And what JFAMD said: " I think the difference between 50% and 5% might be the difference between marketing and engineering. Engineers tend to be very literal.

If 2 cores get you 180% performance of 1, then in simple terms, that extra core is 50% that gets you the 80%."

I guess it can be interpreted as: "If a hypothetical single(mini) core Bulldozer based CPU without CMT-like capabilities were compared to the CMT-enabled 1 module/2 core version, the performance improvement would be 80% and die size increase would be 50%".

Look at how well Phenom II does compared to Core 2 Yorkfield...Phenom II debuted a year after Core 2 Yorkfield and it basically closed the IPC gap (more or less) and has steadily driven up those clockspeeds.

There is still an IPC advantage of approximately 10% per clock.

Core 2 Q9650 3GHz vs Phenom II X4 940 3GHz: http://www.anandtech.com/bench/default.aspx?p=49&p2=80

You can see that the Phenom II X4 outperforms Core 2 Quad in latter part of the multi-threaded benches.

Now Phenom II X2 550BE 3.1GHz vs Core 2 Duo E8400 3.0GHz

http://www.anandtech.com/bench/default.aspx?p=56&p2=97

You can see there are no cases where Core 2 Duo loses to the slightly higher clocked Phenom II X2.

How did it go from losing in some apps at same clock speed to never losing with lower clock speed? Probably because Core 2 Quad is two dual cores kludged, aka MCM, while Phenom II X4 isn't a MCM Phenom II X2.

Nehalem isn't a kludge core, but a well architected quad core with fast memory controller and interconnects.
 
Last edited:

DrMrLordX

Lifer
Apr 27, 2000
23,217
13,300
136
Possible, but not likely. The "Lincroft" Atom will be on the 45nm SoC process, which for an SoC process its high performing, but still a loss from the 45nm HP process. Quite likely the 32nm Atom, Medfield will be on the 32nm SoC process.

So you don't think Intel will bother pushing clockspeed on Medfield much? I really don't think it will be a good idea for Intel not to force the issue of performance in that segment. Though, if Tom's Hardware is to be believed (http://www.tomshardware.com/news/Intel-Atom-Medfield,6671.html - yes, I know it's a fairly old article), AMD is going to avoid the netbook market altogether.
 

JFAMD

Senior member
May 16, 2009
565
0
0
If you start to deconstruct a bulldozer die, you start to see that the *unique* integer components are a small piece.

Start with probably half the die being cache (I am guessing, I don't have the numbers, only the die size). Then, you have to consider the northbridge circuits. Then the memory controller and the HT PHY. What you are left with is the bulldozer modules. Of those, the fetch, decode, L2 cache and FPU are all shared, so they would not go away by removing the second core from each module.

You start to see that if you removed one integer core from each module (by taking out the discrete circuitry), you really are talking about a very small part of the die.
 

IntelUser2000

Elite Member
Oct 14, 2003
8,686
3,787
136
So you don't think Intel will bother pushing clockspeed on Medfield much?

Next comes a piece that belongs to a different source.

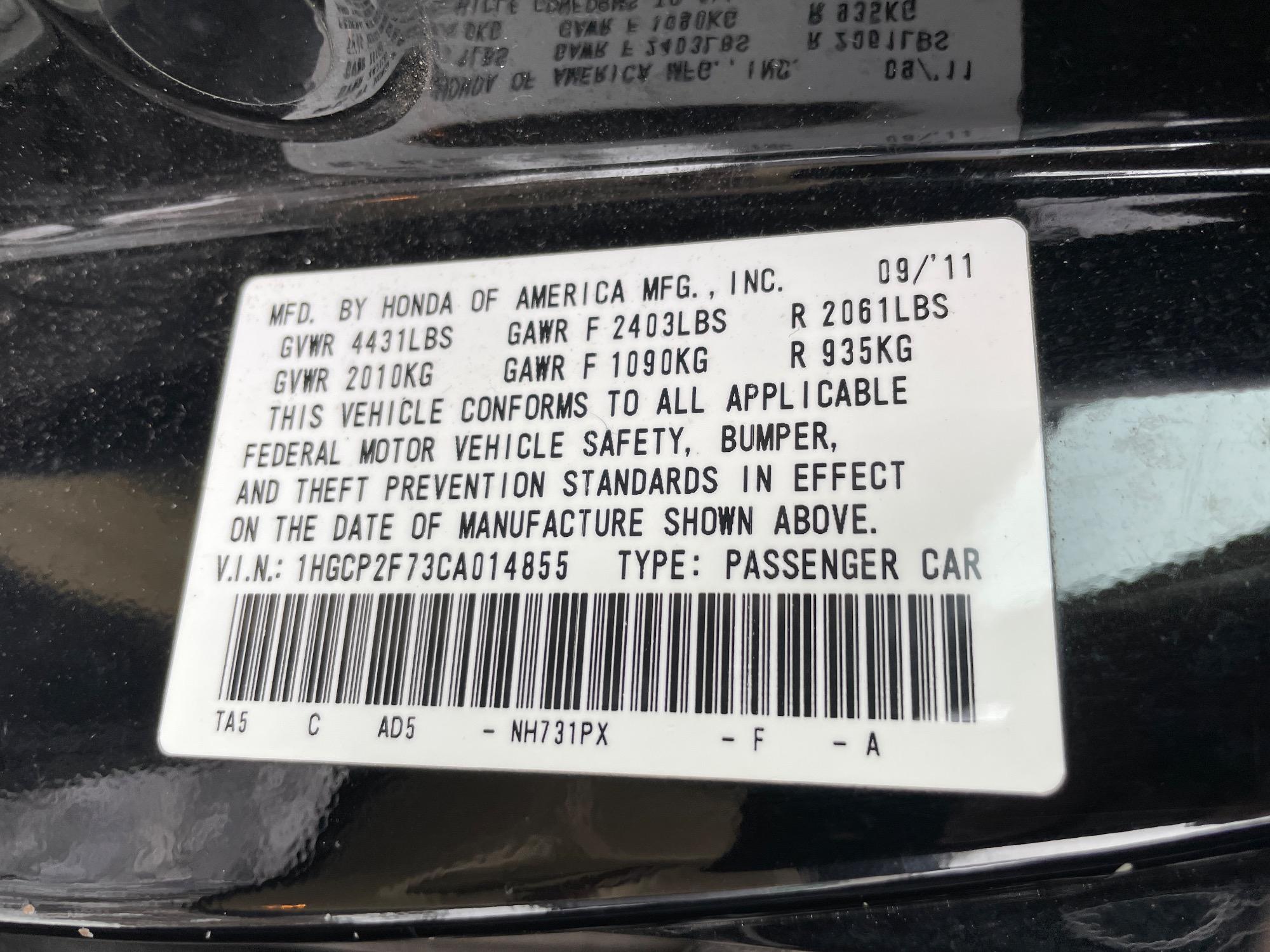 | VIN | 1HGCP2F73CA014855 |
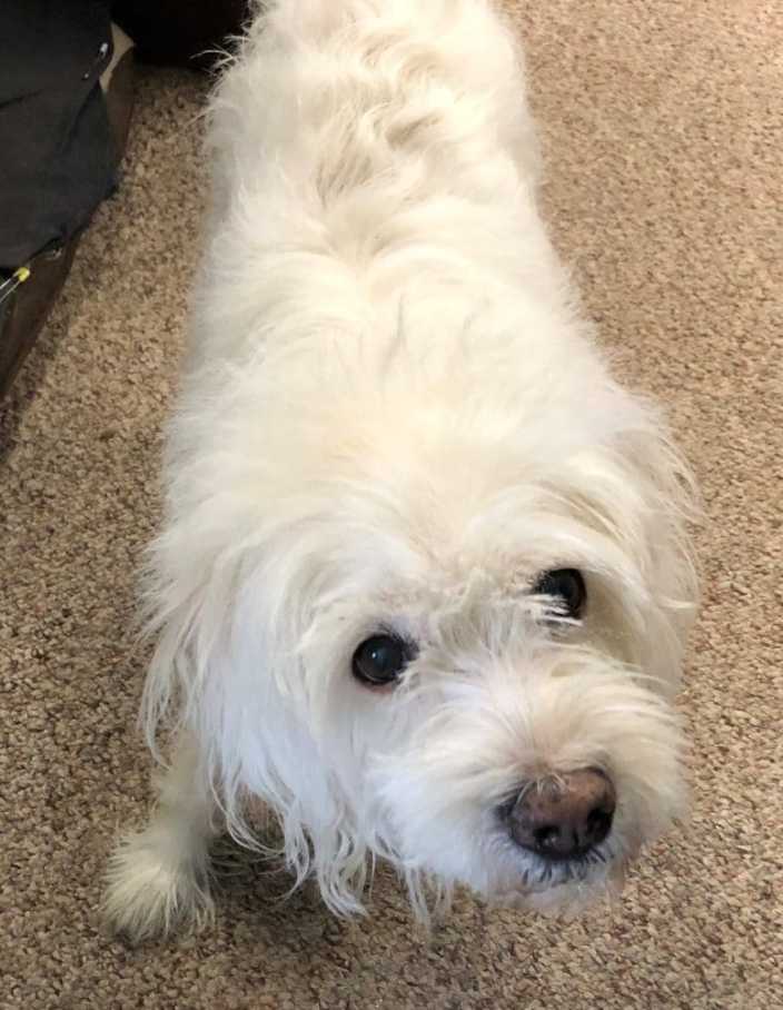 I managed to use the Furminator on her again first thing this morning. Molly seems to be shedding a full ‘dog’s worth’ of hair every day! I worked on her as long as she would allow (collecting a truly impressive amount of long white hair in the trash can) and then used the scissors to clip the hair out of her eyes some. She has her new expensive flea and tick collar on now.

I really don't think it will be a good idea for Intel not to force the issue of performance in that segment. Though, if Tom's Hardware is to be believed (http://www.tomshardware.com/news/Intel-Atom-Medfield,6671.html - yes, I know it's a fairly old article), AMD is going to avoid the netbook market altogether.

The whole issue of calling a "Netbook" with processors like Bobcat and Atom is that depending on what the manufacturer wants to do it might be a "Netbook", or become a "Notebook", its hard to draw the line. Doesn't it seem likely the market will at least put Bobcat into the high-end Netbook segment with the rough die and power estimations they gave us? The 1-10W range seems like we'll see single and dual core versions with low and higher TDP versions of each. It looks like AMD will fill the niche Via is leaving behind, that is a notch higher than Atom, but lower than regular laptop CPUs.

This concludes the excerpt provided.